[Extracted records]
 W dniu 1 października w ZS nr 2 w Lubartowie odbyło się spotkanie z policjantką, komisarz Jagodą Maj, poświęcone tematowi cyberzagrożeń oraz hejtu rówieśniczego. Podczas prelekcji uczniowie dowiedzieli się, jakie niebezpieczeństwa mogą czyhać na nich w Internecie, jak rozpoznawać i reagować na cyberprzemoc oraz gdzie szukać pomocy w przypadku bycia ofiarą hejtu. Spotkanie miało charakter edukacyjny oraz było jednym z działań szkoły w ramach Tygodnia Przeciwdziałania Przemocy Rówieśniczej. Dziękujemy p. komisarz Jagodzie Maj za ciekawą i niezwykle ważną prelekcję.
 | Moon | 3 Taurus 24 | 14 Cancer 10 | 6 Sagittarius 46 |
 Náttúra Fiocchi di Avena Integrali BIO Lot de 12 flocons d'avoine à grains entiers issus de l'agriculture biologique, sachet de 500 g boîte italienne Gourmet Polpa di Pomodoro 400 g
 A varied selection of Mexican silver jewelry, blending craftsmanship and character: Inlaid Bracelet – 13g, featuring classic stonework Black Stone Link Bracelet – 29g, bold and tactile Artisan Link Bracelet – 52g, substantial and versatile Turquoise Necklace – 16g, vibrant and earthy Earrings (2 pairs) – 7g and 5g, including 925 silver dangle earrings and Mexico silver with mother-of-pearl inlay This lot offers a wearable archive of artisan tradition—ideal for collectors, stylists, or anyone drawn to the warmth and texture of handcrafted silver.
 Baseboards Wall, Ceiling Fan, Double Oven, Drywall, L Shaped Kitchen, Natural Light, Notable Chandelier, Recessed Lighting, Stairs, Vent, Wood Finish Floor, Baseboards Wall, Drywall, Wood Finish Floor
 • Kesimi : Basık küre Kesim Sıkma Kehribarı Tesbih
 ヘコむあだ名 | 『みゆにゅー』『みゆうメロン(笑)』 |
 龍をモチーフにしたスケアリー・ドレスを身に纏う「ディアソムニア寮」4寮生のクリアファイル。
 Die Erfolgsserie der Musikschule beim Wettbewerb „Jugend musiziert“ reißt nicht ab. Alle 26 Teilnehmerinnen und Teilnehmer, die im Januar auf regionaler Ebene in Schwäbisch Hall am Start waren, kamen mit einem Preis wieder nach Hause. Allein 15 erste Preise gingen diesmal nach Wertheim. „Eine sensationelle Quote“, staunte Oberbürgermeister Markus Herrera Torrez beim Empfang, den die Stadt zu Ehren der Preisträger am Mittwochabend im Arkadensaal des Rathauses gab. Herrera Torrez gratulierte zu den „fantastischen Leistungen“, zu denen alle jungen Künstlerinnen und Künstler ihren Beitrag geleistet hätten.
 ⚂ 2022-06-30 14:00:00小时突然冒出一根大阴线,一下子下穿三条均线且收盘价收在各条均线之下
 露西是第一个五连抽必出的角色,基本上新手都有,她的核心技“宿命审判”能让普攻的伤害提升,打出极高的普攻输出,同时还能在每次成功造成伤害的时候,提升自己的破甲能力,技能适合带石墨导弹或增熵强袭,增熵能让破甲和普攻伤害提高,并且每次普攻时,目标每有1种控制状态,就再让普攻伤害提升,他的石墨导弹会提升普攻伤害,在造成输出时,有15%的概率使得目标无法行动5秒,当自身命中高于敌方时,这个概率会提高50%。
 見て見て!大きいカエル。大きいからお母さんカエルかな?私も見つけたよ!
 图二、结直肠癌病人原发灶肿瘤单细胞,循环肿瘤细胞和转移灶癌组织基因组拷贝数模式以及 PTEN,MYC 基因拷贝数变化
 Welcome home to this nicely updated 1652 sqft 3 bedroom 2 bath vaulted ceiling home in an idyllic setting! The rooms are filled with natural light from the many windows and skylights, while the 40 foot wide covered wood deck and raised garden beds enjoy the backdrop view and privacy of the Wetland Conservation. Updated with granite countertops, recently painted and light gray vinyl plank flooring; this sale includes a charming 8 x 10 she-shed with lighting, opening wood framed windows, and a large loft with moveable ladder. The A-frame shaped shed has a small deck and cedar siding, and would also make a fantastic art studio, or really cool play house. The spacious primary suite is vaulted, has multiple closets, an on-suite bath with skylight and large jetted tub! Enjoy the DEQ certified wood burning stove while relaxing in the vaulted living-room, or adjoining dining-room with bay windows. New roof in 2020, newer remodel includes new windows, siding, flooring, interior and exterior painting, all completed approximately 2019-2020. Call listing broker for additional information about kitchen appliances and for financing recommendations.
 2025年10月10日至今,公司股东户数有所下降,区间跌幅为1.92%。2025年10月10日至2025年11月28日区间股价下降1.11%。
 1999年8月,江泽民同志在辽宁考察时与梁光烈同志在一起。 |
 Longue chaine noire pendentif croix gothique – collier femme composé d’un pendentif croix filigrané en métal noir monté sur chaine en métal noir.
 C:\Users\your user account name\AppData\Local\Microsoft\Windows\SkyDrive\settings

> _Exercise goal_
The required output is every line from the one with "Welcome home to" to the final line of the entries, repeated exactly and with nothing else.

> _Answer_
 Welcome home to this nicely updated 1652 sqft 3 bedroom 2 bath vaulted ceiling home in an idyllic setting! The rooms are filled with natural light from the many windows and skylights, while the 40 foot wide covered wood deck and raised garden beds enjoy the backdrop view and privacy of the Wetland Conservation. Updated with granite countertops, recently painted and light gray vinyl plank flooring; this sale includes a charming 8 x 10 she-shed with lighting, opening wood framed windows, and a large loft with moveable ladder. The A-frame shaped shed has a small deck and cedar siding, and would also make a fantastic art studio, or really cool play house. The spacious primary suite is vaulted, has multiple closets, an on-suite bath with skylight and large jetted tub! Enjoy the DEQ certified wood burning stove while relaxing in the vaulted living-room, or adjoining dining-room with bay windows. New roof in 2020, newer remodel includes new windows, siding, flooring, interior and exterior painting, all completed approximately 2019-2020. Call listing broker for additional information about kitchen appliances and for financing recommendations.
 2025年10月10日至今,公司股东户数有所下降,区间跌幅为1.92%。2025年10月10日至2025年11月28日区间股价下降1.11%。
 1999年8月,江泽民同志在辽宁考察时与梁光烈同志在一起。 |
 Longue chaine noire pendentif croix gothique – collier femme composé d’un pendentif croix filigrané en métal noir monté sur chaine en métal noir.
 C:\Users\your user account name\AppData\Local\Microsoft\Windows\SkyDrive\settings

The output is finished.